DCVC: With these new devel­op­ments in gene therapy, what’s next for Ascend? Can you share any upcoming projects or goals that reflect the company’s vision and strategy in the evolving landscape of gene and cell therapies? 

Stella: First, we’re focused on leveraging our expertise in innovation and process development. We’re making strides in improving product yields and quality in our facilities in Alameda, California, and Munich, Germany. This includes working on appli­ca­tions that could allow clients to reduce their manu­fac­turing scales signif­i­cantly, leading to cost savings. For instance, advance­ments in yields might enable a reduction from 500-liter to 200-liter production scales, giving the same amount of usable, high-quality product.

In Munich, we are also setting up a Good Manu­fac­turing Practice (GMP) laboratory. GMP is a system ensuring that products are consis­tently produced and controlled according to quality standards. It’s vital for our industry, partic­u­larly for clients needing product testing and release for clinical trials or commercial appli­ca­tions in Europe. We expect this laboratory to be operational by the middle of the second quarter of 2024.

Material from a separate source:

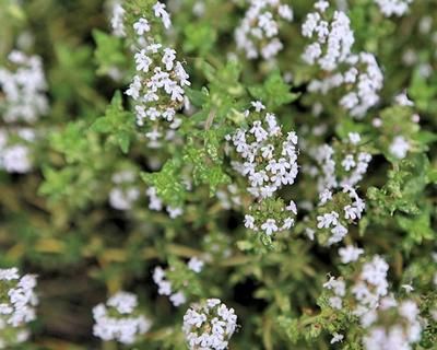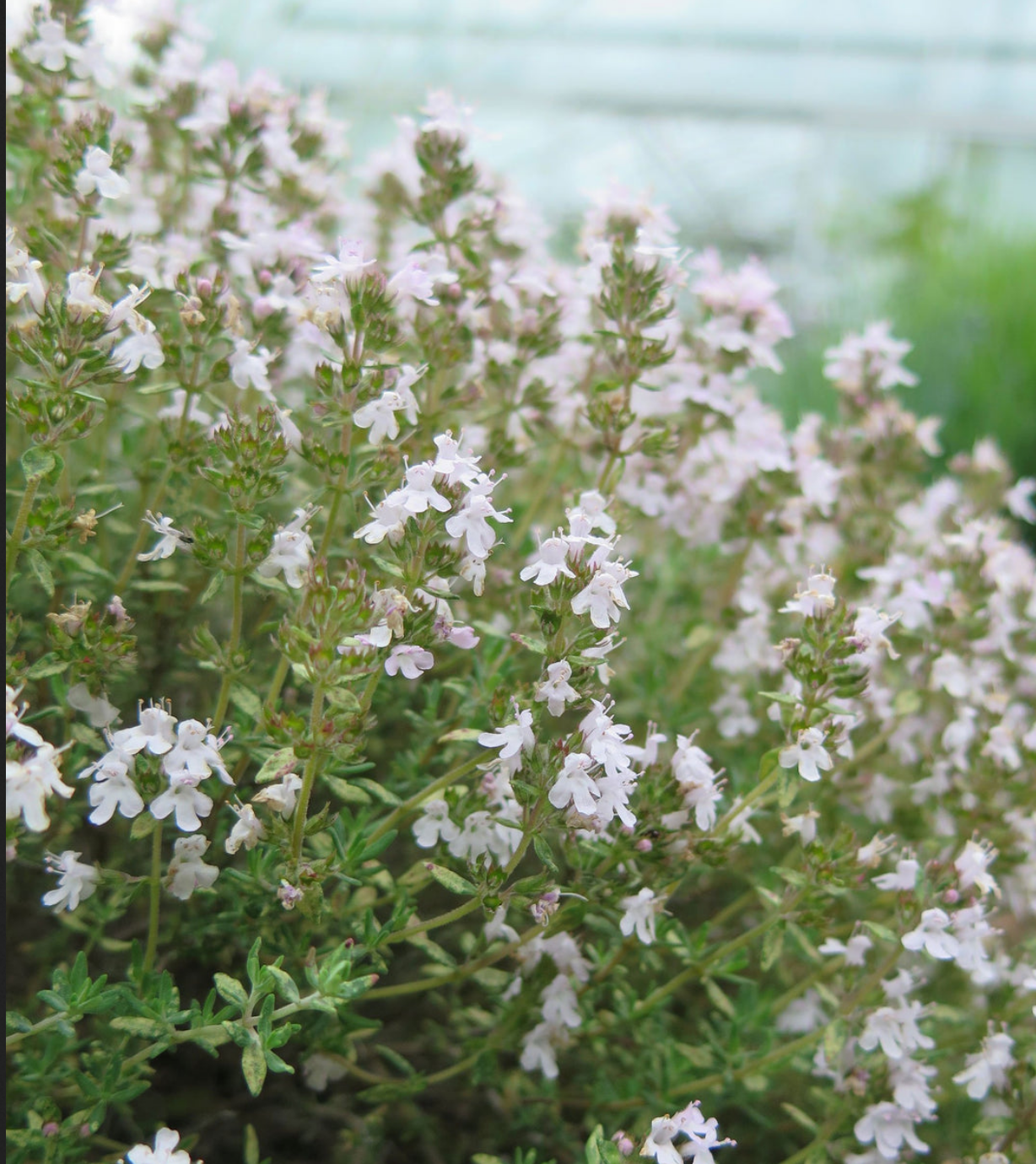 Mediterranean bushy blooming thyme. Great citrus notes, and pretty white to pale pink flowers. Great condiment or tea herb, and with medicinal properties. Full sun, dry soils. Harvest leaves before blooming for best flavor. Attracts pollinators. Cut back regularly for best bushy growth, full sun, well-drained soil.

Finally, on the manu­fac­turing front, we’re actively pursuing strategic acqui­si­tions in the United States. These acqui­si­tions will enhance our capa­bil­i­ties from clinical to commercial production. Our acquisition strategy emphasizes the talent and experience of the teams rather than just the facilities. We believe the industry needs experienced teams to drive production quality. We’re on track to finalize these acqui­si­tions by the end of the second quarter, further expanding our development, char­ac­ter­i­za­tion, and manufacturing capabilities.